Like MacBook, Ultrabook will tap lots of new tech
Ultrabooks' diminutive size and thickness will spur the use of new technologies, potentially stimulating a moribund laptop market, researcher TrendForce says.
Ultrabooks will adopt lots of cutting-edge laptop technology, not unlike what Apple did to perfect the design of its MacBook Air, according to research from TrendForce.
The first Ultrabooks from Lenovo, Toshiba, and Asus already tap into some impressive technology.
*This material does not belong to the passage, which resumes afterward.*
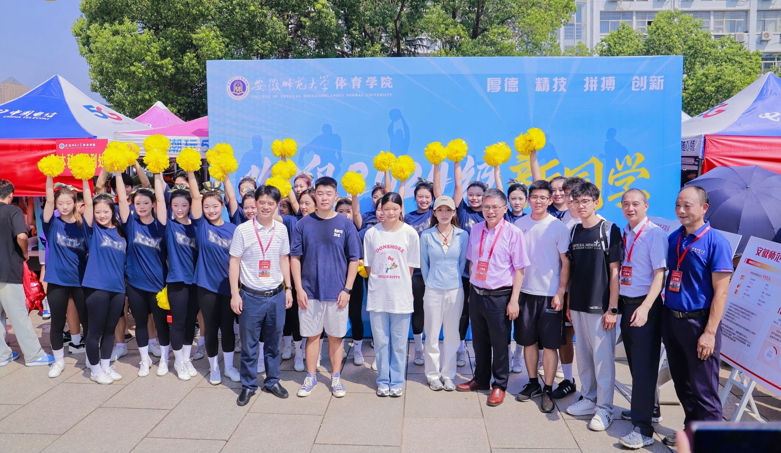 文体表演,青春飞扬。在热闹的迎新现场,英国正版365官方网站青年教师刘子涵和梁颖老师组织舞蹈表演专业同学表演的“快闪”活动,以灵活独特的形式,精彩演绎体院风采,收获了满场掌声与赞誉。

Lenovo's 0.6-inch thick U300s, for example, boasts a "breathable" keyboard to reduce heat and RapidDrive solid-state drive technology to deliver a 10.5-second boot time.
Apple's MacBook Air has been the highest profile example of a laptop that continues to push the envelope on design with novel display, battery, and motherboard designs. "Intel, along with the rest of the PC industry, aims to produce an Ultrabook as thin and light as the MacBook Air...[as a result] we believe the Ultrabook market share will jump from under 2 percent in 2011 to 10 percent in 2012, stimulating renewed growth in the PC industry," TrendForce CEO Kevin Lin said in a report released Tuesday.
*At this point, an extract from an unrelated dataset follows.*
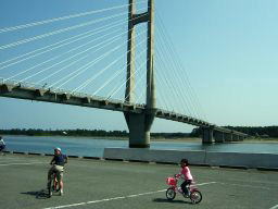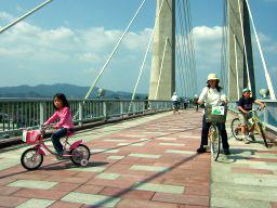 自転車と徒歩だけのためにかかった橋をわたって,美しいサイクリングロードが楽しめます。

Lin goes on to say that Ultrabooks, because of similarities in size and weight, will also present a challenge to tablets. This echoes statements from Intel, which has said that future hybrid Ultrabooks will straddle laptop and tablet design.
Here's a list of some the new technologies that Ultrabooks will integrate, according to TrendForce:
- Solid-state and hybrid disk drives: Since SSD cost remains much higher than traditional rotating hard disks, some Ultrabooks will use hybrid drives (see: Intel Smart Response) that combine, for example, a 320GB HDD with a 16GB SSD for faster access times. Premium Ultrabooks will use pure solid-state drives.
And Intel is playing its part with a $300 million Ultrabook fund to drive innovation "to invest in companies building hardware and software technologies focused on...achieving all-day usage through longer battery life, enabling innovative physical designs and improved storage capacity."